I can look at it all
turn it sideways
Feel things that are long gone
or anticipate what’s yet to come
Am I the same person the terrible things happened to?
Do I have to feel now
the way I probably felt then…
Or has time created a space
in which those feelings don’t matter?
It really seems hard to believe that as I near my 60th birthday (egads!) I can still be bombarded with memories from a highly dysfunctional up-bringing.
I have to admit that when it first happens I feel broken…flawed. I retreat into a place of silence where I try to gather the fragments of self to put them back into an order that seems acceptable.
It always has the undertone that something is wrong with me…that I am a flawed individual who needs to get rid of the things that not only cause so much pain, but that make me less than in the first place.
Right thinking would say that I did nothing to deserve the hideous events in my childhood. Right thinking would plant the blame squarely on the adults in the picture who obviously were pained by their own existence.
But real-life doesn’t always follow the dictates of right thinking. Real-life takes into account that there can be wrong thinking caused by years of neglect and abuse. Real-life encompasses everything I am, everything I think, and unfortunately everything that has happened.
The answer to this business of healing may just lie in the ability to be able to accept IT ALL; to be able to view where you have been…where you are…and where you are heading as if it was a movie about someone else’s story.

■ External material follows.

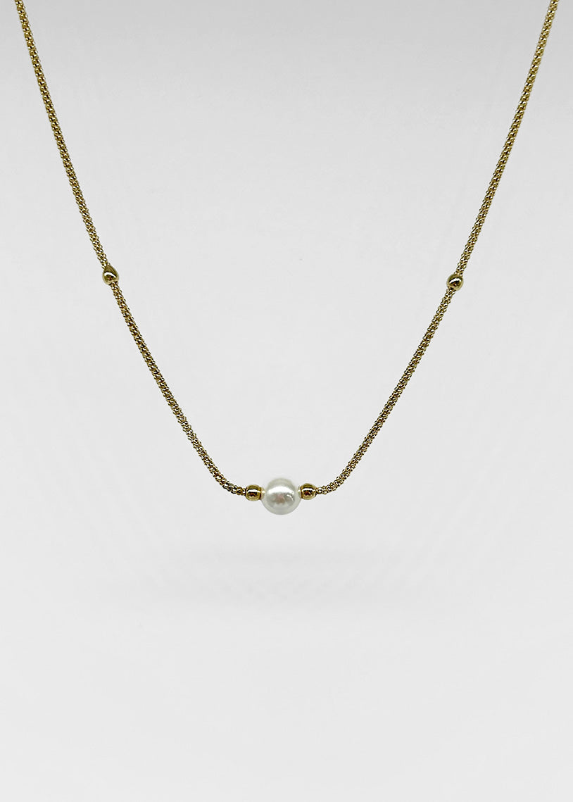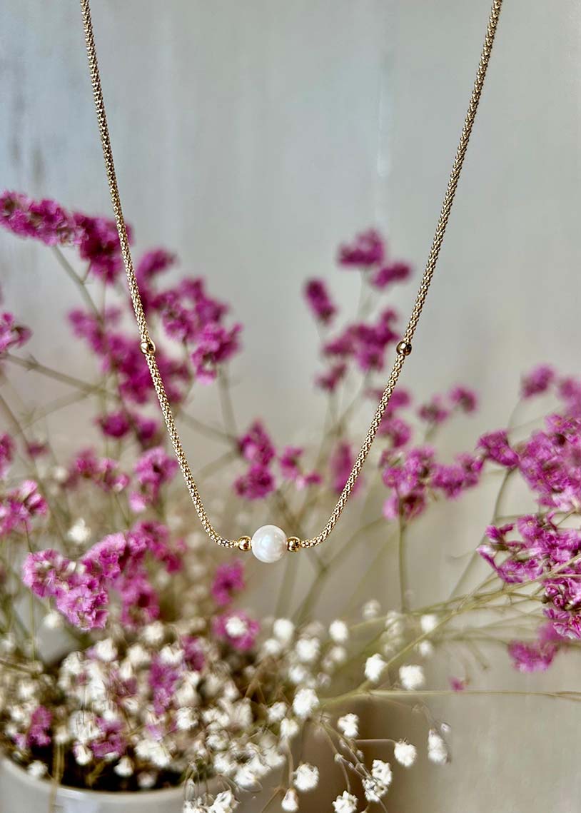 La collana Coco si distingue per la sua eleganza discreta, grazie alla singola perla sintetica che ne costituisce il punto focale. La maglia, ispirata allo stile Fope, è realizzata con una lavorazione raffinata e una finitura galvanica oro che ne esalta la lucentezza e la resistenza nel tempo. Questo gioiello unisce design contemporaneo e qualità artigianale, rendendolo un accessorio versatile e sofisticato, perfetto per arricchire sia look quotidiani che outfit più formali con un tocco di classe senza tempo.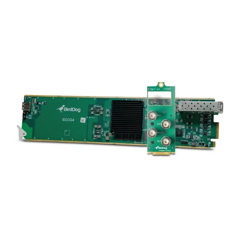 BirdDog OG4 je prvá karta NDI OpenGear na svete. Ponúka štyri nezávisle konfigurovateľné porty 12G-SDI. Súčasťou je plná podpora palubnej dosky a port SFP+ pre pripojenie 10GbE. Je plne kompatibilná s platformou openGear štvrtej generácie, oGx, modulárnym systémom 2RU rackového rámu s otvorenou architektúrou.

If we can sit with all of that and view it in its honest truth without judgment as to whether it is good, bad, relevant, or indifferent, we can make a conscious decision to accept it. Once we stop fighting and allow the truth to live without judgment, we can walk through the gate and enter the place where we can begin to love ourselves unconditionally.
If we can walk on this journey to self-love in the exact state that we are in, with total acceptance of everything, we can begin to discard the pieces that do not resonate as being our truth. And the beautiful thing about discarding what is not us, is that what is uncovered – all that is left, IS US!
Here’s to accepting everything so that we can walk through the gateway to self-love!
Heal and Free Your Soul!
23 thoughts on “ACCEPTANCE – THE GATEWAY TO SELF-LOVE”
Kudos Lorrie. I’m glad you’re accepting yourself and life as you are. Accepting myself was the best decision I made on my journey. I decided to stop trying to improve myself, and instead focus on loving and accepting myself. May this bring you much peace and love. 🙏
Love your response, Brad! 🙂 I am so happy that you found this little treasure and have adapted it in your life. It feels so peaceful already to be able to just sit with it all. But sitting with it and accepting it doesn’t mean we have to be defined by it.
What a journey…this life!! Glad to be on it at the same time with you. Have a super week, Brad!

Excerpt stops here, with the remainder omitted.